Reconstruction costs of damaged Iraqi cities another looming crisis

As for Mosul, reports have indi­cated that ISIS is busy installing improvised explosive devices and other booby-traps to make street-to-street fighting very costly for Iraqi government forces, their allies.

Iraqi workers dig a trench for a new water pipe near Haji Ziad square in the centre of Ramadi, last March.


2016/10/23 Issue: 78 Page: 17


The Arab Weekly
Gregory Aftandilian



Washington - Much of the discussion about the offensive to recapture the Iraqi city of Mosul from the Islamic State (ISIS) has revolved around how ethnic and sectarian cleavages could make the military operation prob­lematic. An equally difficult, and perhaps even more daunting, prob­lem is who will fund the enormous costs of reconstruction in Mosul and other Iraqi cities liberated from ISIS control.

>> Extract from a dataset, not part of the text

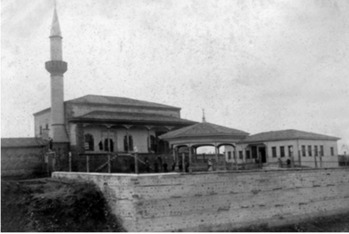
Ek-3: Suheyb-i Rumi Külliyesi'nin 1910'lu yıllardan bir görünümü

Mosul is likely to be heavily dam­aged when anti-ISIS Iraqi forces re­take the city. A large part — perhaps 80% — of Ramadi was essentially in ruins when the Iraqi government reclaimed it in late 2015.

Ramadi, once a thriving city of about 500,000 people, is mostly uninhabitable. About 50 bridges in the city were destroyed, as were many schools, hospitals and oth­er structures. Some estimates of the cost to rebuild Ramadi reach $10 billion. Other cities in central, western and northern Iraq were heavily damaged when they were retaken from ISIS.

The deputy governor of Anbar province (where Ramadi is located) said in September that the recon­struction of the cities in his prov­ince would cost about $22 billion.

As for Mosul, reports have indi­cated that ISIS is busy installing improvised explosive devices and other booby-traps to make street-to-street fighting very costly for Iraqi government forces and their allies. Many buildings are likely to be damaged either from ISIS blow­ing them up as they retreat or from artillery and air strikes from Iraqi government and coalition forces.

Rebuilding Mosul is likely to cost tens of billions of dollars and no one has a clear answer as to where the money to rebuild it and other major cities will be found.

Because of low oil prices, eco­nomic mismanagement and cor­ruption, the Iraqi government is expected to register a budget defi­cit of at least $20 billion this year. Although pressure will mount on Prime Minister Haider al-Abadi to shift resources to this massive re­construction effort, it will likely be checked by his need to provide for civil service salaries, internal secu­rity and social-welfare services.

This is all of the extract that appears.